How To Love A Woman Who Has Had To Survive On Her Own
She’s a special person, the woman who never had any help. She is strong, independent, and protective of the life she spent so much effort building. This means that loving her—and earning her love—is nothing if not a challenge. It’s not simple, and you will absolutely have to prove yourself before she lets you truly see what’s inside. Put in the work. She is worth every bit of effort you devote to her.
You may find her resilience and intelligence incredibly attractive, but please, do not waste her time. She cannot stand the idea of yet another person letting her down, of having to navigate the emotional wasteland you leave behind when you throw away her heart. Yes, she expects a lot from you, but that is only because she expects the same from herself. When she’s in, she’s all in, and she is weary of false promises and men who fill her head with pretty lies about the depth of their love.
She demands emotional stability, maturity, someone who is willing and able to meet her halfway on all things. Understand her history. Understand her past. Take the time to get to know why she operates the way that she does. Then you will see the many hurts, the disappointments, the reasons that she blocked herself off and learned to only trust herself. No, she does not suffer fools, but if you don’t find that appealing, she is not for you. She has been through enough to cut off anyone who squanders her time.
You must work for her because so many who came before you tricked her into opening herself up, only to leave her high and dry at the first sign of difficulty. They never took the time to find out who she is deep down and celebrate it. They did not nurture her, cherish her, or make her feel safe. When she let down her guard in spite of all that, she learned the hard way that none of them were ever going to change.
The worst crime you can ever commit against this woman, this strong, graceful being who built herself from the ground up and has never leaned on anyone, is misleading her. If you are not committed, respect her enough to walk away and make room for the person who will be.
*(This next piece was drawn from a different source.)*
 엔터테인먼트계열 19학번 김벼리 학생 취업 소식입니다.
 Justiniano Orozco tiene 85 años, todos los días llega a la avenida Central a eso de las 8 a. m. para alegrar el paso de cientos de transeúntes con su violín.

Once you show her that you are not going anywhere, once she lets herself love you, honor her vulnerability. Respond in kind. Show her the parts of your soul that not many get to see. By demonstrating your trust in her, your steadfast involvement in the relationship, you will in turn earn reciprocity. Show up for her when she believes no one ever will. Be her partner in all things, and have her back even when she does not need it. After all, she’s never had someone there to help. She may be fully capable of standing on her own, but often she gets weary of doing it all alone. The burden is more than she bargained for, but she’s never had any choice but to carry it by herself. Be her unexpected relief.
Earning her trust and her respect takes time. The only way to make her believe you’ll stick around is to prove you’ll put in the effort in the first place. Be steady, be secure, and just show up. Show up every single day. Stay when she figures that you’ll run. Talk to her instead of dismissing her fears. Respect her space, set reasonable boundaries, and listen to what she needs from the relationship. Communication will set you both free.
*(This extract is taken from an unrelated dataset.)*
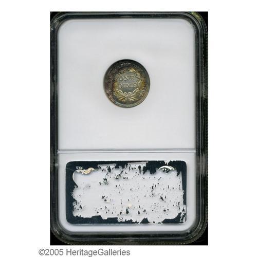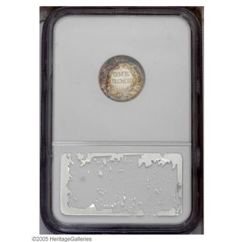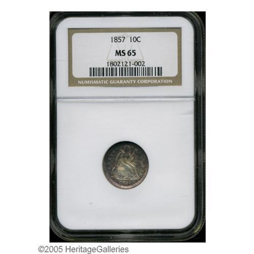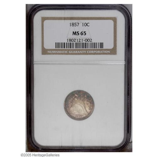 <B>1857<10C> MS65 NGC.</B></I> This richly toned example displays competing swirls of lavender-charcoal, steel-blue, golden-orange, and lilac colors throughout. A few of the highpoints are softly impressed, the balance of the features are sharp and distraction-free. A nice candidate for inclusion in an originally toned, Gem quality type set. Population: 31 in 65, 10 finer (9/05).

Be patient with her, and you’ll see that what blossoms between you is worth all of your effort. Nothing truly lovely comes with ease, but that’s okay, because you’ve won the affection and companionship of a very special person. She may be used to surviving all alone, but that doesn’t mean she prefers it that way. Be her excitement, her joy, and most of all, her partner in life. Give her the steady love she’s always wanted. In return, she will give you more happiness than you ever imagined.